Минут через двадцать, уже дома, вспомнил, что в такси забыл свой «дипломат». В нем лежал мой паспорт и другие документы. И мне стало нехорошо. Сколько хлопот восстанавливать, хотя бы только паспорт. Но я надеялся, что шофер перед тем, как развозить моих друзей, обнаружит мой «дипломат» и передаст друзьям. Проходит час. Звоню друзьям. Они уже давно дома, но шофер им ничего не передавал.
И я, подумав о своих будущих хождениях за нужными бумагами, решил, что это Бог меня наказал за какие-то грехи этого дня. Но какие? Я со всей строгостью вспомнил весь день и вдруг открыл несколько мелких своих грехов, которые теперь мне не показались такими уж мелкими.
Один молодой физик хотел подбросить мне свою работу на отзыв, но я отказался, смягчив свой отказ тем, что через месяц я буду посвободней. Пришлось дать ему телефон. В самом деле, укорачивая свой путь, мы его делаем еще длинней. Так, по слабости, вместо того чтобы сказать прямо, что я теперь не читаю чужих работ без рекомендации коллег, я его бессмысленно обнадежил. Потом я вспомнил, что, неожиданно для себя и тем более для него, поздоровался с одним подлецом, который много лет назад сделал мне подлость. Но поздоровался я не из христианского всепрощения, а из тщеславия, мол, видишь, какой я добрый. Он удивленно и охотно кивнул мне и еще больше запрезирал. Были и еще какие-то мелкие проколы.
Я поразился, совершенно ясно поняв, что никогда ни об одном из них не вспомнил бы, если бы не пропал «дипломат». Я в прекрасном настроении вышел из машины. А теперь настроение было поганое, и оно длилось еще часа два. И я подумал: а не слишком ли переборщил Бог, наказывая меня за эти грехи?

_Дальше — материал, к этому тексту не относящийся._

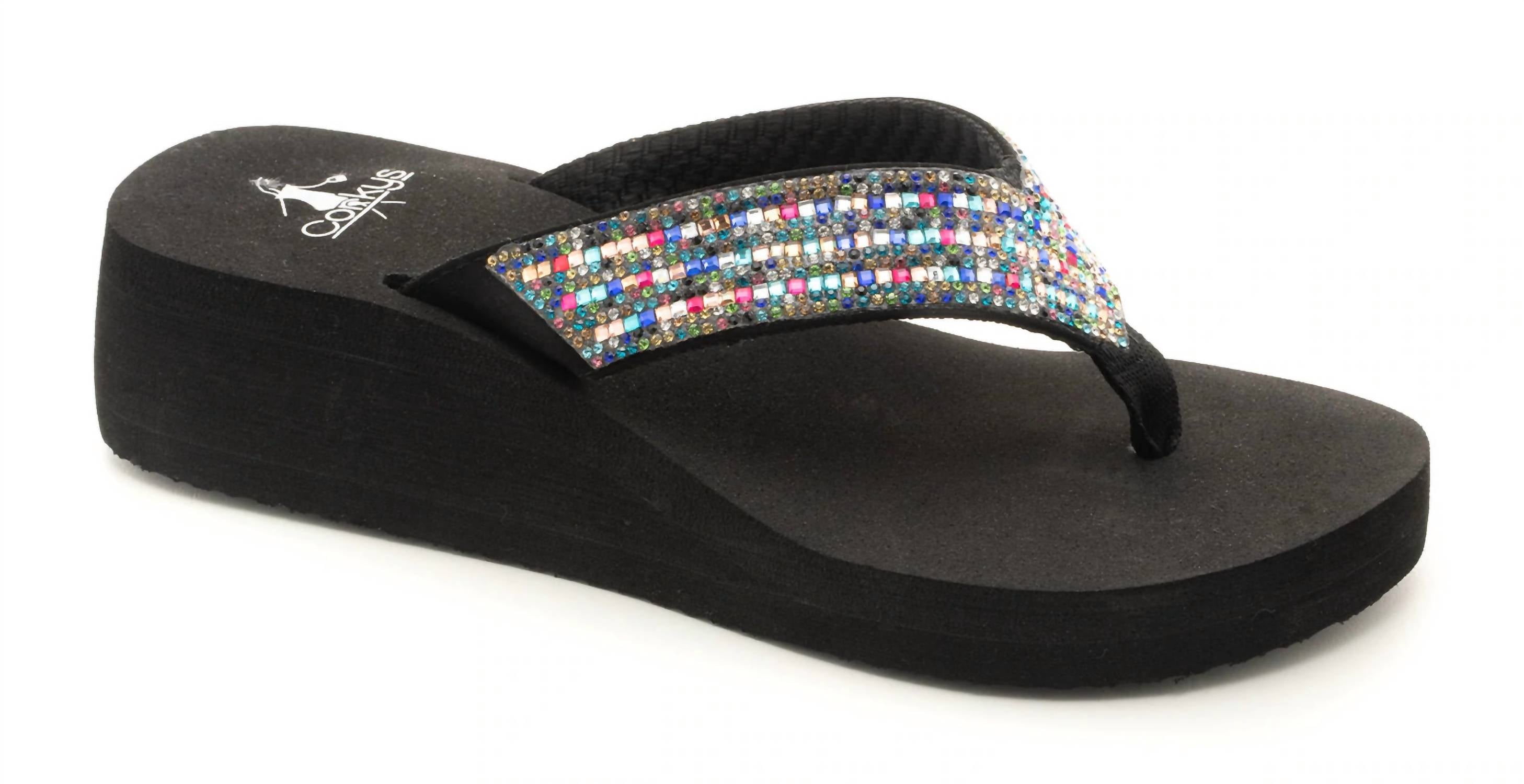 Elevate your footwear game with these adorable wedges. Step into style with the Women's Clara Wedge from Corkys Footwear, a chic addition to your shoe collection. These black wedges feature an open-toe design and a comfortable wedge heel, ideal for all-day wear. Crafted to fit true to size, it's recommended to size up if you're a half size. These versatile wedges might be shipped without a box.

И вдруг звонок в дверь. Открываю. Шофер с моим «дипломатом»! Настроение подпрыгнуло! По-видимому, для того, чтобы приблизиться к Богу, я, конечно, вознаградил шофера за услугу. Ясно, что во всей этой истории Бог ни при чем. Истинный смысл ее в том, как легко мы забываем собственные грехи, пусть и маленькие, но почему-то вспоминаем о них, когда нас постигает неудача.
— Интересный случай… Но, кажется, нас зовут обедать.
— Откуда ты взял? Я ничего не слышал. Тебе показалось.
— Да, да! Зовут!
— В самом деле, зовут. Но почему ты сразу же расслышал то, чего я не услышал?
— Потому что я прислушивался. Я сегодня почти не завтракал и сильно проголодался.
— Пошли! А знаешь, настроение улучшается.
— То ли будет после обеда.
— А что, если Бог призовет во время обеда?
— Ничто так не заглушает голос Бога, как работа челюстей. Но прерывать трапезу на небесах считается большой бестактностью. Кстати, и со стороны человека, обращающегося к Богу. Надоедливых просителей он тоже не любит.
— А как он относится к выпивке?
— Если ты придерживаешься строгой роскоши пить только с тем, с кем хочется выпить, он спокойно на это смотрит. Но на тех, кто пьет с кем попало, он давно махнул рукой.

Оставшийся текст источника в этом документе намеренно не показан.